The information we incorporate by reference is an important part of this prospectus, and later information that we file with the SEC will automatically update and supersede the information contained in this prospectus.
We shall provide you without charge, upon your written or oral request, a copy of any of the documents incorporated by reference in this prospectus, other than exhibits to such documents which are not specifically incorporated by reference into such documents. Please direct your written or telephone requests to:
Orckit Communications Ltd.
126 Yigal Allon Street
Tel-Aviv 67443, Israel
Telephone: (972) 3-696-2121
or to our agent in the United States:
Puglisi Associates
850 Library Avenue, Suite 204
Newark, Delaware 19711
We are incorporated in Israel. Substantially all of our executive officers and directors and our Israeli auditors are nonresidents of the United States, and a substantial portion of our assets and the assets of these persons are located outside the United States. Therefore, it may be difficult to enforce a judgment obtained in the United States against us or any such persons.
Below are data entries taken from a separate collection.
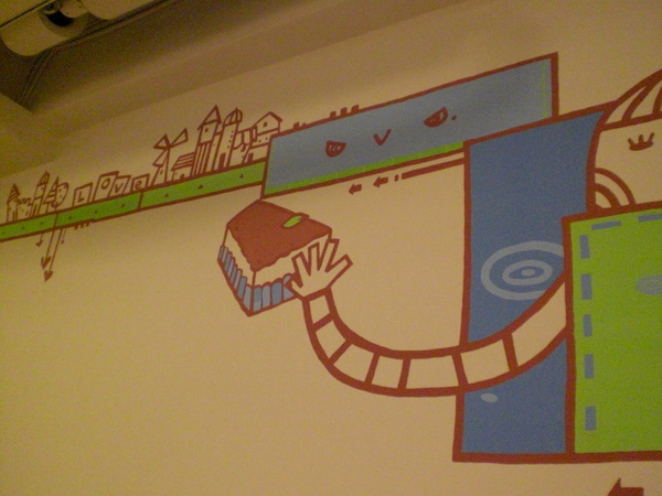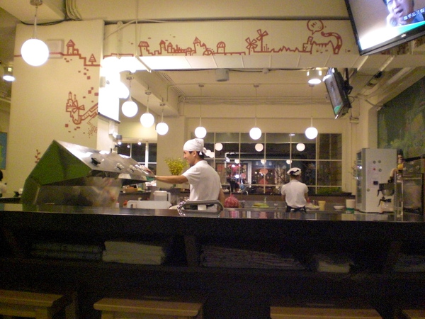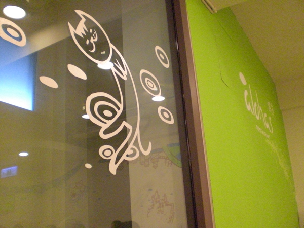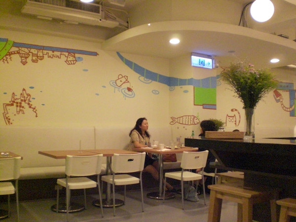 一進門服務人員很快就趨前帶位,在用餐過程中的服務也很親切,最後結完帳時還把我倆送到店門口,服務真是周到,不過不曉得客人多的時候是否還能如此 ? 店內的裝潢很簡潔,潔白的牆上點綴著充滿童趣的塗鴉,在鵝黃色燈光的陪襯下,讓整個餐廳顯得明亮而溫暖,洋溢著溫馨的感覺。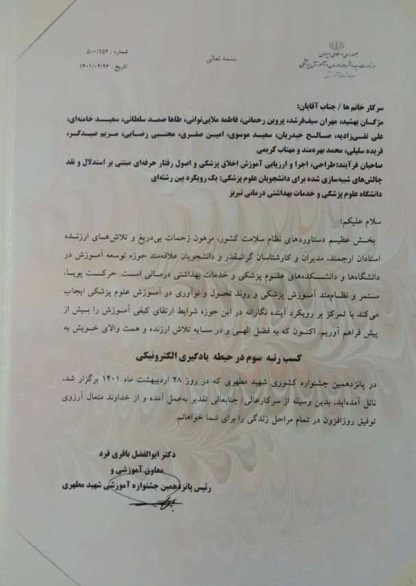 کسب رتبه سوم پانزدهمین جشنواره کشوری شهید مطهری و عنوان استادیار تلاشگر دانشگاه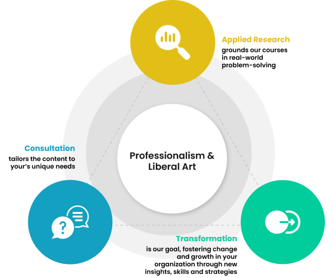 The training component of ACT draws upon liberal arts principles, emphasizing critical thinking, problem-solving, creativity, and communication skills. Designed to be practical and hands-on, our training enables participants to apply their skills in real-world scenarios. Adopting the SIR (Short, Integrated, Relevant) approach, our executive training prioritizes concise, efficient, and practical content. By integrating various disciplines, participants develop a comprehensive understanding and can apply knowledge across different fields, bridging the gap between broad academic knowledge and real-world applicability.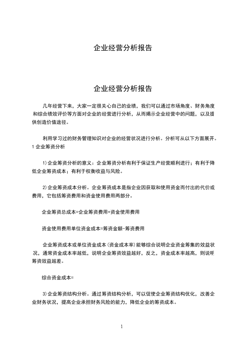 利用学习过的财务管理知识对企业的经营状况进行分析。分析可从以下方面展开。1企业筹资分析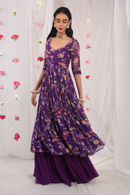 Buy_Esha Koul_Purple Organza, Georgette, Semi Crepe Floral Motifs Printed Anarkali Sharara Set_at_Aza_Fashions
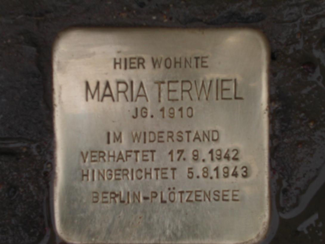 Maria Terwiel, die katholisch war, und der evangelische Christ Helmut Himpel gehörten zum Widerstandkreis „Rote Kapelle“, zu dessen Mitgliedern sie Kontakte hatten. Sie vervielfältige 1941 die Predigten des Münsteraner Bischofs Clemens August von Galen (1878-1946) gegen die als „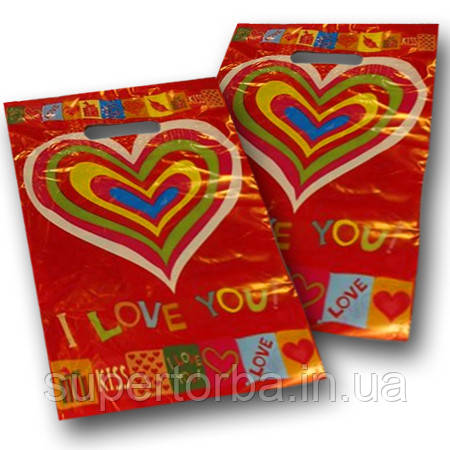 Пакет із прорізною ручкою розмір 25х35 "Різнокольорове серце" 50 шт/уп.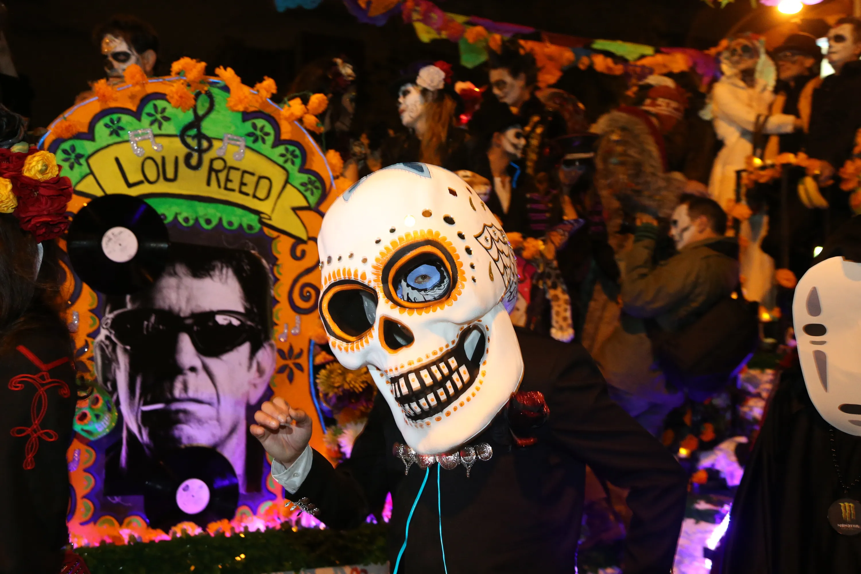 People dressed in ghouls on a float head up Sixth Avenue in the 41st annual Village Halloween Parade in New York City, Friday, October 31, 2014. (Photo by Gordon Donovan/Yahoo News)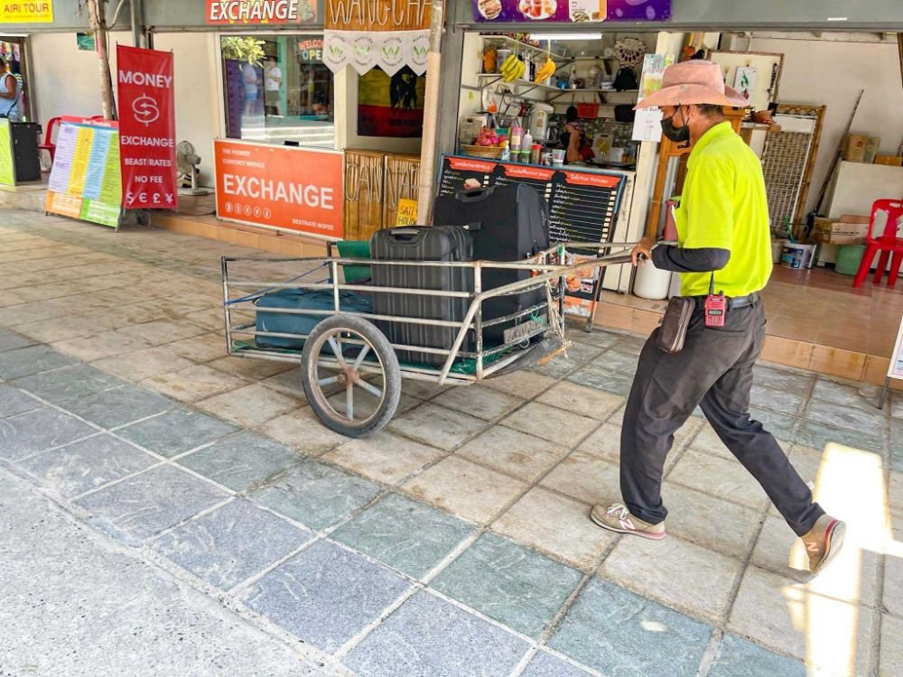 Traveling to the resort on Phi Phi Island. Tourists can walk only. There are no buses on the island. Some resorts and accommodations will have staff waiting to pick you up at the pier to help carry your baggage to their accommodations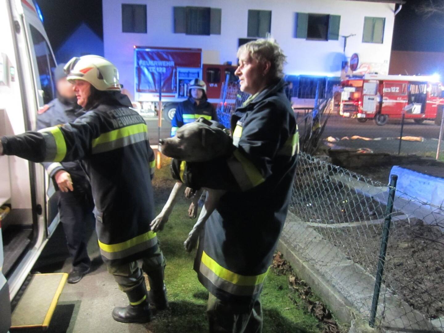 Die Feuerwehr Neumarkt an der Raab sorgte für die Wasserversorgung über einen nahegelegenen Hydranten. Im Zuge der Löschmaßnahmen wurde festgestellt, dass sich der Hund des Hausbesitzers noch im einem Zimmer befindet. „Mia“ – so der Name des American Stafford – wurde in weitere Folge aus dem verrauchten Nebenzimmer gerettet und ist wieder wohlauf.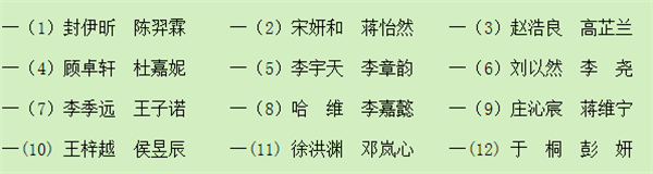 第八周最美方洲娃(2019-2020学年第一学期) 来源: 发布时间:2019-10-29 00:00:00 浏览次数: 次 【字体:小 大】 本周德育养成教育重点是:校内不乱扔垃圾。以下同学表现突出,被评为本周“最美方洲娃”,特此表扬! 分享到: 【打印正文】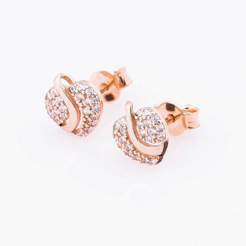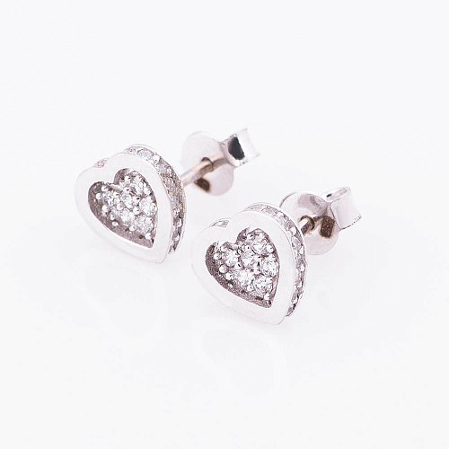 Золоті сережки-пусети "Серця" з фіанітами с04774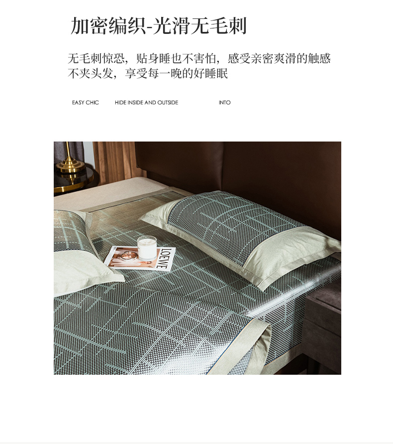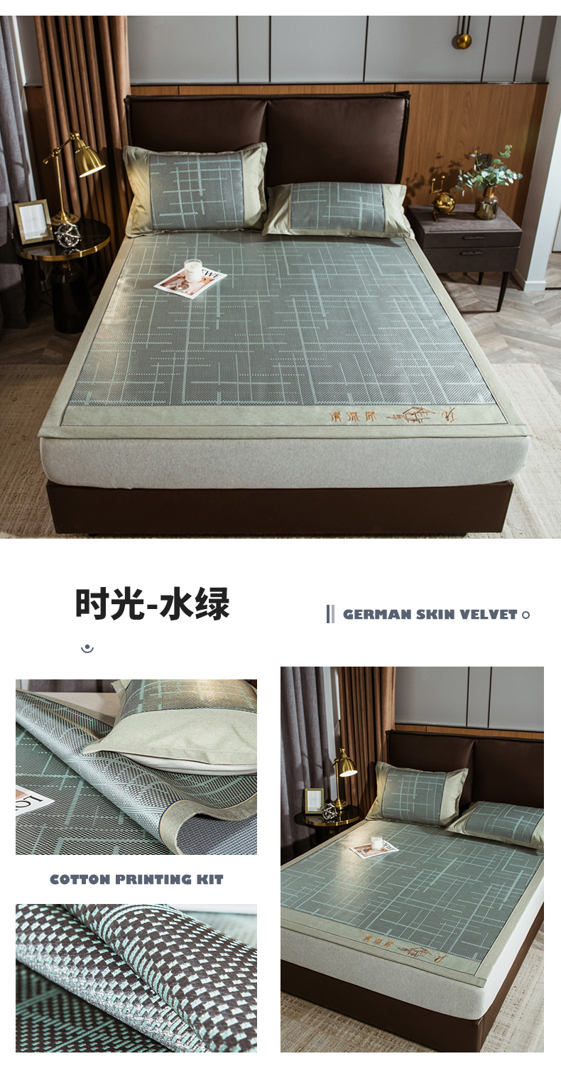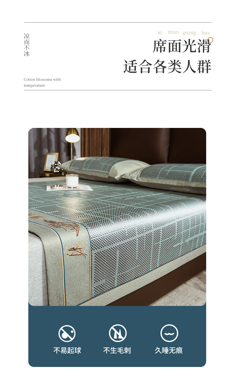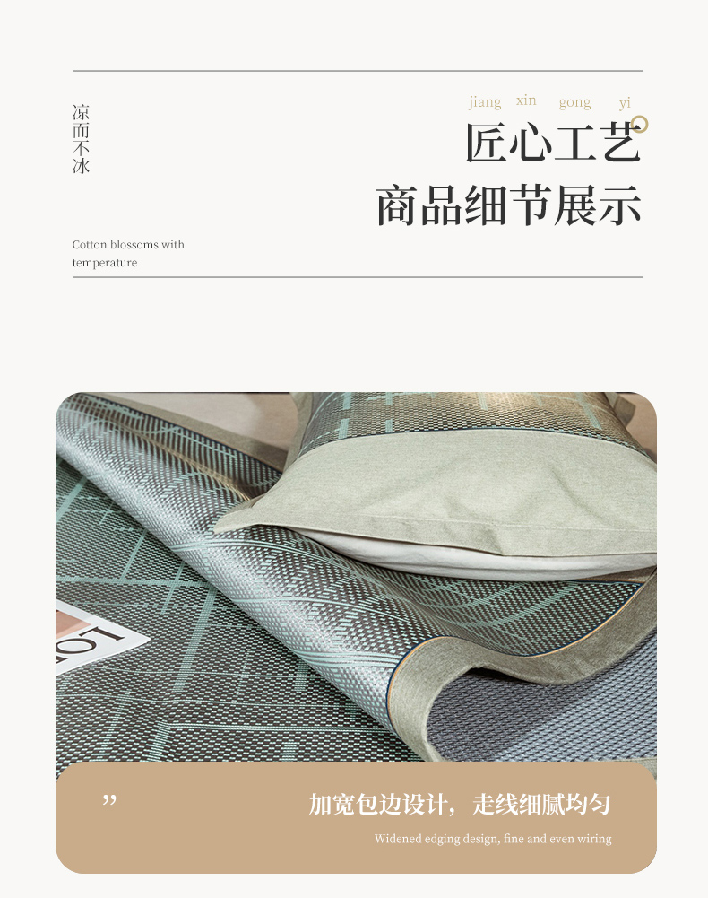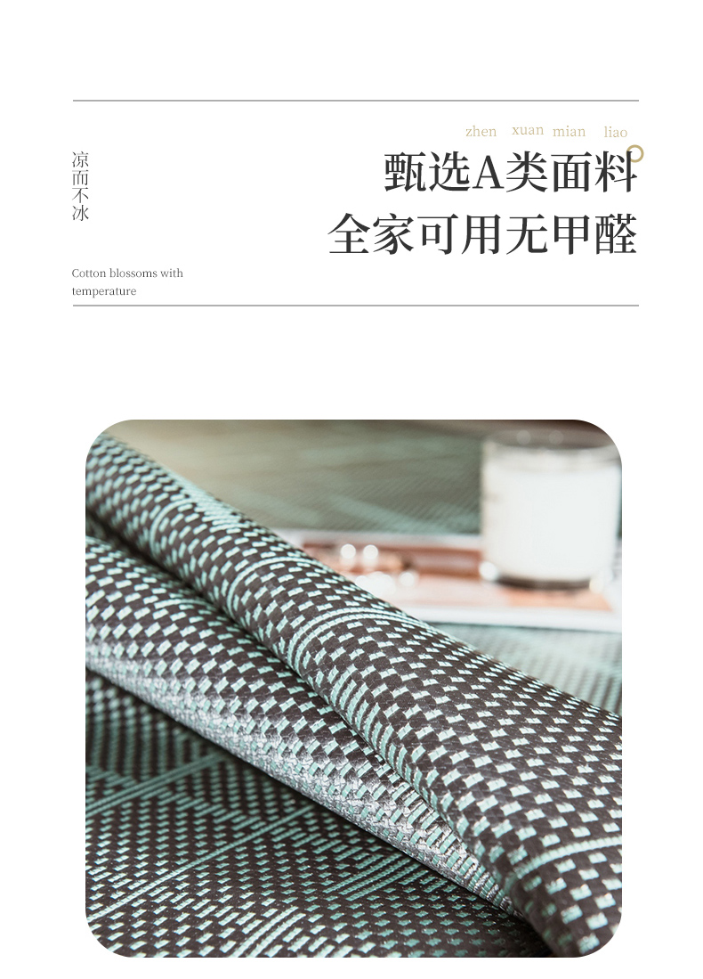 当前位置: 91家纺网 > 商品网购 > 床上用品 > 凉席 > 其他凉席 > 全季家居 2024新款加厚加密宽边刺绣提花冰藤凉席 时光-水绿(床席款)

Additionally, there is doubt as to the enforceability of civil liabilities under the Securities Act and the Exchange Act in original actions instituted in Israel. In addition, even if an Israeli court agrees to hear a claim, it may determine that Israeli law and not U.S. law is applicable to the claim. If U.S. law is found to be applicable, the content of applicable U.S. law must be proved as a fact, which can be a time-consuming and costly process. Certain matters of procedure will also be governed by Israeli law. There is little binding case law in Israel addressing these matters. Subject to specified time limitations, an Israeli court may declare a foreign civil judgment enforceable if it finds that:
| the judgment was rendered by a court which was, according to the laws of the state of the court, competent to render the judgment; |
| the judgment is no longer appealable; |
| the obligation imposed by the judgment is enforceable according to the rules relating to the enforceability of judgments in Israel and the substance of the judgment is not contrary to public policy; and |
| the judgment is executory in the state in which it was given. |
Even if the above conditions are satisfied, an Israeli court will not enforce a foreign judgment if it was given in a state whose laws do not provide for the enforcement of judgments of Israeli courts (subject to exceptional cases) or if its enforcement is likely to prejudice the sovereignty or security of the State of Israel. An Israeli court also will not declare a foreign judgment enforceable if:
| the judgment was obtained by fraud; |
| there was no due process; |
| the judgment was rendered by a court not competent to render it according to the laws of private international law in Israel; |
| the judgment is at variance with another judgment that was given in the same matter between the same parties and which is still valid; or |
| at the time the action was brought in the foreign court a suit in the same matter and between the same parties was pending before a court or tribunal in Israel. |
If a foreign judgment is enforced by an Israeli court, it generally will be payable in NIS, which can then be converted into non-Israeli currency and transferred out of Israel. The usual practice in an action to recover an amount in non-Israeli currency is for the Israeli court to render judgment for the equivalent amount in NIS at the rate of exchange on the date of payment, but the judgment debtor also may make payment in non-Israeli currency. Pending collection, the amount of the judgment stated in NIS ordinarily will be linked to the Israel consumer price index plus interest at the annual rate (set by Israeli law) prevailing at that time. Judgment creditors bear the risk of unfavorable exchange rates.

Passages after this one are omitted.